Wednesday, October 6, 2021

Eric Lyon's House Beaumaris - Restoration Australia Season 4 Episode 2

Host Anthony Burke meets a couple who are transforming their Mid-Century Modern 1950s house into a family home suitable for 21st Century living, in a beachside paradise just outside Melbourne.

You can watch Laura and Wilf restore their house here 

MCM is hot these days. A subset of house designs in the 1950s and 60s, it could well reflect the post-war optimism of a new generation breaking from the traditions of the past and even dismissing the 'Australian Ugliness' of transplanted British stodginess or imported American garishness. The council with the most MCM describes it thus:

Mid-century modern architect designed houses feature new design approaches, including use of light timber or steel framing; materials such as cement sheeting; flat or skillion roofs; north facing windows and easy connection to outdoor decks and gardens.
Sometimes structurally daring, the style of architecture is distinct for its use of clean lines, open plan layout and a different approach for maximising vistas and utilising natural light with floor to ceiling windows." 

I am ambivalent about the architectural and interior decoration style as heritage. Only because of the intrinsic biases that it embodies. On the one hand, the idea of the 'modern' attracted me early on. As a teenager at the end of the 60s and beginning of the 70s the changes in Melbourne were something to explore and enjoy, whether pretending to be a left bank intellectual at one of the few street cafes......


....or exploring the defunct nineteenth century development sites and watching the change from a brick and stone city to one of steel, concrete and glass. From Princess Bridge there was modern art in the animated neon of the the Allen's sign or the musical minimalism of the pile driver at the concert hall site. There was a feeling of prospect and promise in the new things happening.

On the other hand, it all seemed to be for rich people. I never went near Beaumaris, and few of the bright, open, spacious, modern houses of the period made their way to the northern and western edges of Melbourne. Spec-built weatherboards on floorplans little changed from the 1930s, migrant half-houses waiting for the money that would eventually allow completion, and big (to us) brick veneers, growing to two stories with arches, concrete balustrades, terrazzo and lions (or eagles) for the migrants who made good. This is the other side of modern houses from the mid century that no one fights to preserve.

I associate Beaumaris with middle-class families that looked down their noses at working class and migrant kids from the western suburbs. The kids didn't care mind - wealth to us was just another ethnicity; no better or worse than Maltese, Yugo, Pom or Skip. The fancy houses oppressed us with their demands to take your shoes off, to be seen but not heard, or just get outside in the fresh air. But that was just my prejudice. I only imagined what rich people might be like.

Eric Lyon's house has its fans.

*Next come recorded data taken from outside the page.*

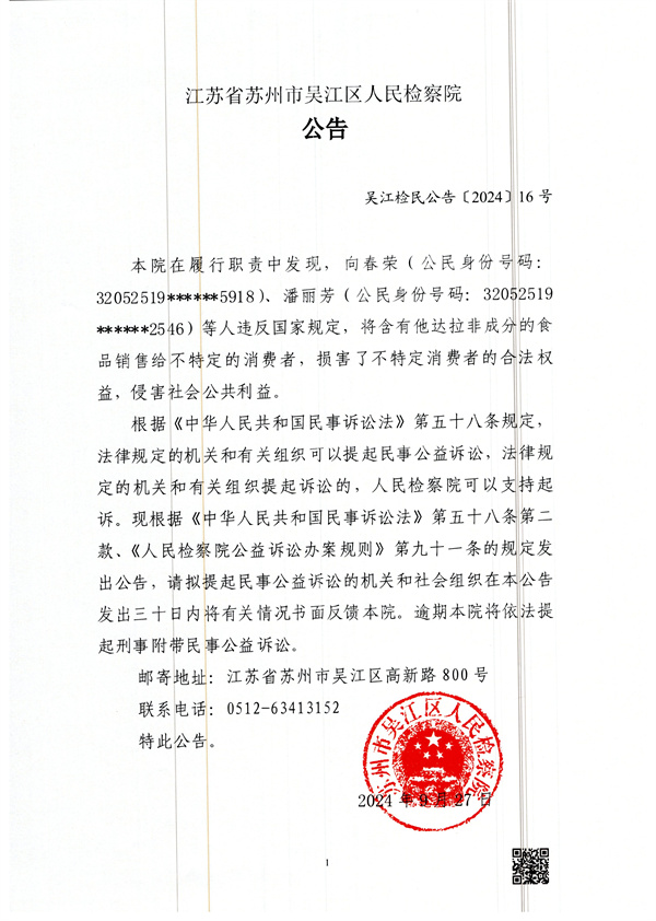 本院在履行职责中发现,向春荣(公民身份号码:32052519******5918)、潘丽芳(公民身份号码:32052519******2546)等人违反国家规定,将含有他达拉非成分的食品销售给不特定的消费者,损害了不特定消费者的合法权益,侵害社会公共利益。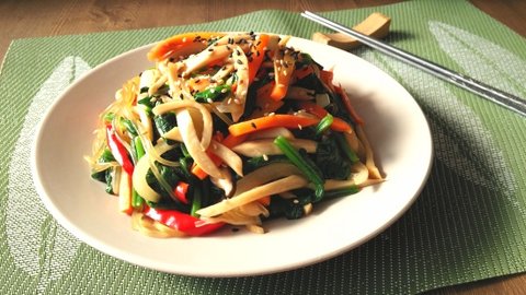 당면은 쫄깃하고 당근은 오독오독하고 시금치는 부드럽고 고추는 아삭하고!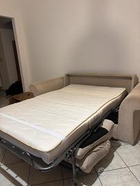 Divano letto beige 2 posti, ottime condizioni. Facile da aprire e comodo sia come divano sia come letto. Il letto equivale a un matrimoniale alla francese.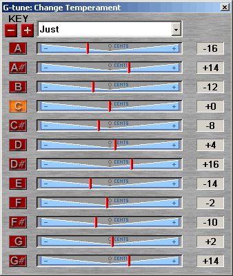 G-tune allows the selection of several common, and many lesser known temperaments. In addition, a “user” setting is available where the you can set any temperament you desire.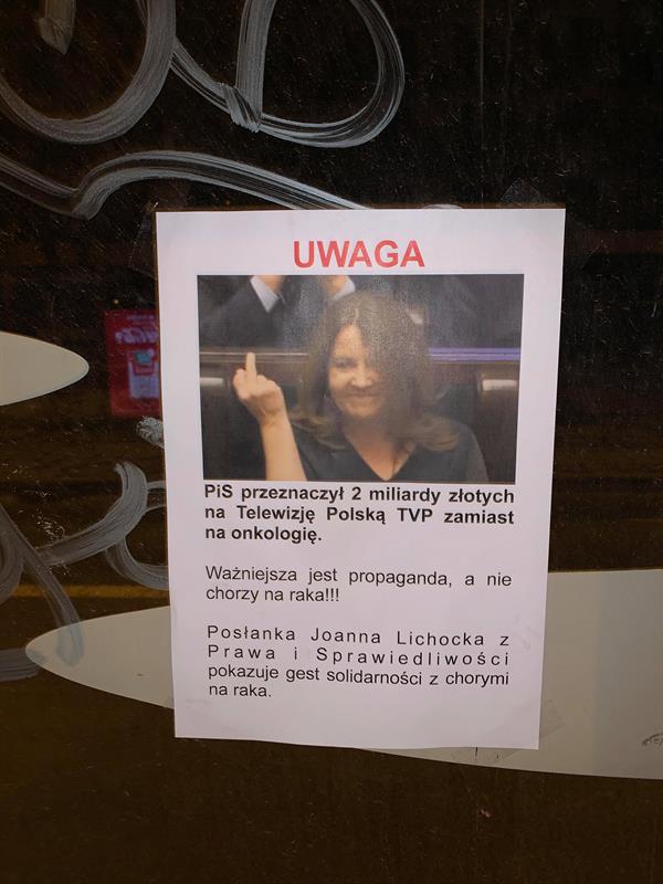 lichocka faktycznie żle zrobiła zniżyła się do poziomu cyników z PO.Grodzki zagrał chorymi na raka ., wykorzystał ich do walki politycznej( bo te 2 mld byłyby niewidoczne w leczeniu).Dzisiaj w radio tok fm najsztub się zastanawiał czy ten gest będzie widoczny do kampanii wyborczej.Jako kibic sportowy w publicznej mam duzo transmisji i tvp sport odkodowany , za brauna nie było transmisji a mśw w siatkówce które odbywały się w POlsce oglądali tylko posiadacze dekoderów polsatu dodatkowo w płatne 100 zł oczywiście nie było LM, ekstraklasy , reprezentacji Polski w różnych dyscyplinach drużynowych.Były tylko skoki narciarskie.Prezentując takie plakaty twórcy licza na to, że wyborca to zwykły tłuk który wszystko widzi biało czarno .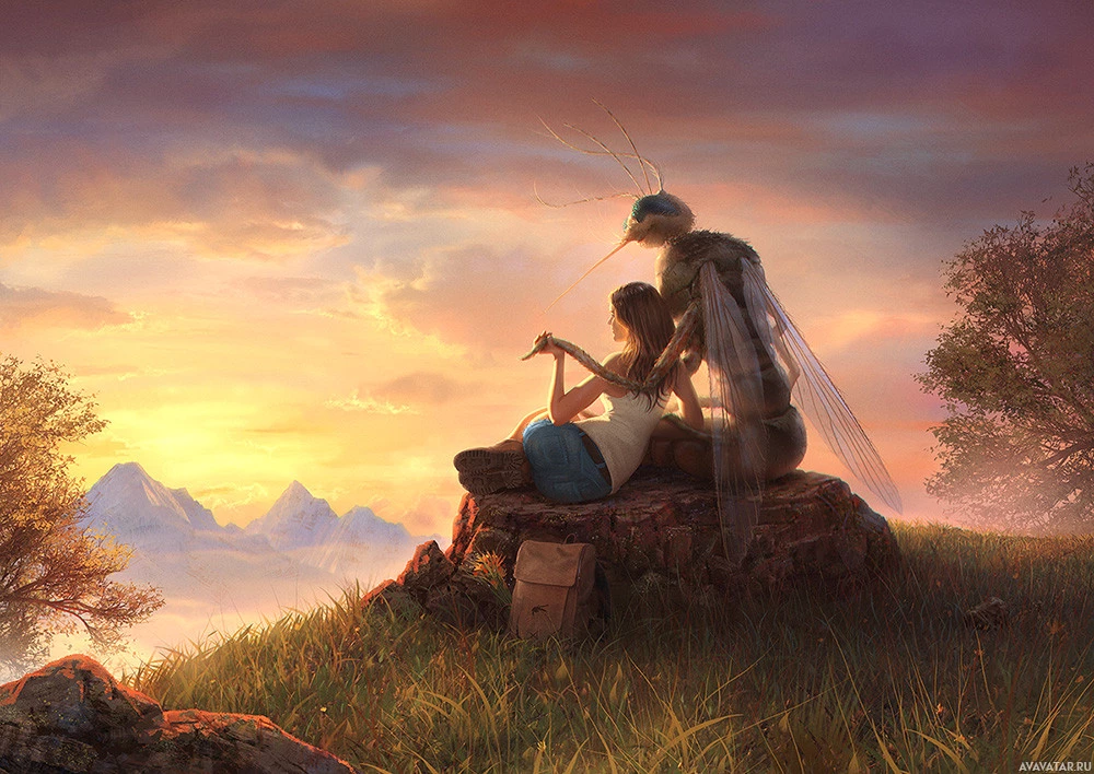 setting sun and the warm glow suggest it's either dawn or dusk. There are no mosquitoes or insects visible in this picture, and there is no fun element depicted; rather, the image has a serene and contemplative atmosphere.

It is on Facebook. There is a conservation group gunning for it. It is well documented in a heritage study. It was even Domain house of the week

But on the other side are owners worried that heritage listing will devalue their property prices

Anthone Burke puts it: "It's not just your house that needs saving but a whole suburb worth of houses. How's that gonna go down in the hood?"

The City of Bayside twentieth century heritage study has had a difficult time; commissioned, then stalled, then cancelled. Then started again. 

 The Hun went as far as claiming that the "Heritage plan tears neighbours apart". 

Plans to slap a heritage overlay on dozens of Beaumaris and Black Rock homes have been scrapped by Bayside Council after furious homeowners spoke of anguish, anger and a community divided. The council last year sent letters to 51 Beaumaris and Black Rock residents, telling them their mid-century modern homes would be put on an interim heritage overlay until a study was completed.

Fiona Austin of Beaumaris Modern reckons there are about 500 good MCMs in her suburb and they would like to see about 100 protected although realistically, maybe only 50 would make it. But bayside council can only offer 19 for an interim protection under a self nominated scheme that the former head of the National Trust described as a "“cop out” that left “huge gaps, which will continue to emerge every time a significant place comes under threat".   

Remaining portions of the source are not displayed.